___ PROVIDED DATA ___
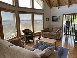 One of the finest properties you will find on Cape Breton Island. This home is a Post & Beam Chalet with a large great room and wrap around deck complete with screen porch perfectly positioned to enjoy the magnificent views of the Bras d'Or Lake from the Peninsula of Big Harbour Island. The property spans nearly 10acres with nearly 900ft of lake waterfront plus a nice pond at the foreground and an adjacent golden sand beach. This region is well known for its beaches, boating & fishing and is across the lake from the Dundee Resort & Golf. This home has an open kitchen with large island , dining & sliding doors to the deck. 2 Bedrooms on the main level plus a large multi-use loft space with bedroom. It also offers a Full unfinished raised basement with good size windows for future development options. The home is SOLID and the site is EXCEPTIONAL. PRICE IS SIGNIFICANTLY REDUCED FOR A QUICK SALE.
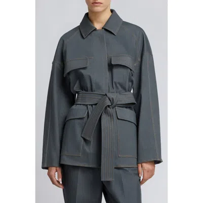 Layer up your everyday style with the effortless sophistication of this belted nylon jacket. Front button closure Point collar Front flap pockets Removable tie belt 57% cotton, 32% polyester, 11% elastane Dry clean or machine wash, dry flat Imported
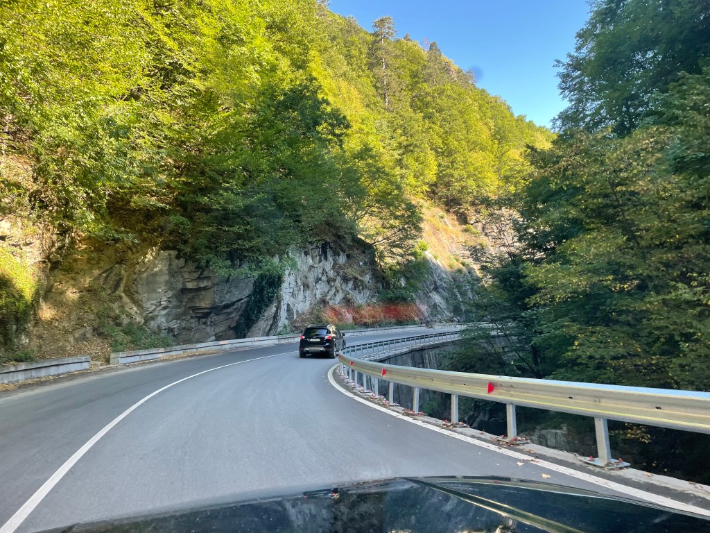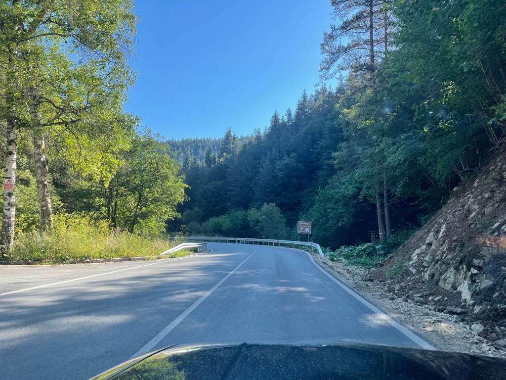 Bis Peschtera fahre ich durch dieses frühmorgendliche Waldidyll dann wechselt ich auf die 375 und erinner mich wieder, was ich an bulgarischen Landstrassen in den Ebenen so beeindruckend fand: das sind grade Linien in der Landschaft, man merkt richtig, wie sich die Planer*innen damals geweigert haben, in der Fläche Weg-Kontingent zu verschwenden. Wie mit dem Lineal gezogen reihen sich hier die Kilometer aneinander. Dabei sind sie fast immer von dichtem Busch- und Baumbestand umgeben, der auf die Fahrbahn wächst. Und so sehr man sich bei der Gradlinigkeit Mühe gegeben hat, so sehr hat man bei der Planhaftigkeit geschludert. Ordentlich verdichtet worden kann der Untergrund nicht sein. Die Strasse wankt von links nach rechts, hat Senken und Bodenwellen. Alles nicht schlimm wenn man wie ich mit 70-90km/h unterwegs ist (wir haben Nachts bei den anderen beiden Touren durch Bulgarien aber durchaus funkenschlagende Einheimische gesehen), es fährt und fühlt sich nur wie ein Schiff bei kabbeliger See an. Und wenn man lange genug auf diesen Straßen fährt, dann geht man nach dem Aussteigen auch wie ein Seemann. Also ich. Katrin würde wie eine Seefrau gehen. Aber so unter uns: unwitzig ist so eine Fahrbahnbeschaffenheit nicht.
___
___ PROVIDED DATA ___
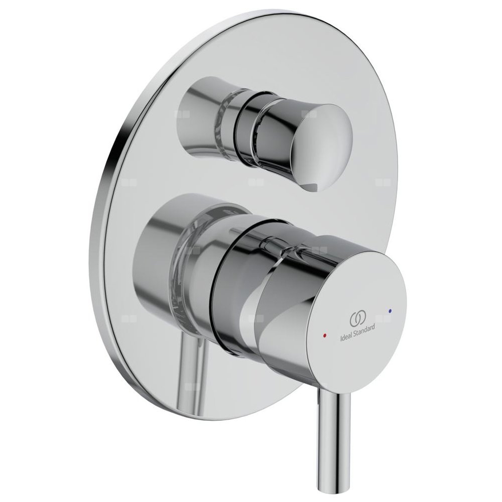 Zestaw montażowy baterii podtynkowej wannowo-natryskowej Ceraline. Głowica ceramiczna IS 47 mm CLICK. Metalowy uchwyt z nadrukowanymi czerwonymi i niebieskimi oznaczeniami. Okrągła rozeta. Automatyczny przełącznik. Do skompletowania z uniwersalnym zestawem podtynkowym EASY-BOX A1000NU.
___
◆ **WHAT IS NEEDED**
Print exactly the lines above that run from the one with "One of the finest" to the one with "Layer up your", both included. No pictures.

◆ **TASK RESPONSE**
 One of the finest properties you will find on Cape Breton Island. This home is a Post & Beam Chalet with a large great room and wrap around deck complete with screen porch perfectly positioned to enjoy the magnificent views of the Bras d'Or Lake from the Peninsula of Big Harbour Island. The property spans nearly 10acres with nearly 900ft of lake waterfront plus a nice pond at the foreground and an adjacent golden sand beach. This region is well known for its beaches, boating & fishing and is across the lake from the Dundee Resort & Golf. This home has an open kitchen with large island , dining & sliding doors to the deck. 2 Bedrooms on the main level plus a large multi-use loft space with bedroom. It also offers a Full unfinished raised basement with good size windows for future development options. The home is SOLID and the site is EXCEPTIONAL. PRICE IS SIGNIFICANTLY REDUCED FOR A QUICK SALE.
 Layer up your everyday style with the effortless sophistication of this belted nylon jacket. Front button closure Point collar Front flap pockets Removable tie belt 57% cotton, 32% polyester, 11% elastane Dry clean or machine wash, dry flat Imported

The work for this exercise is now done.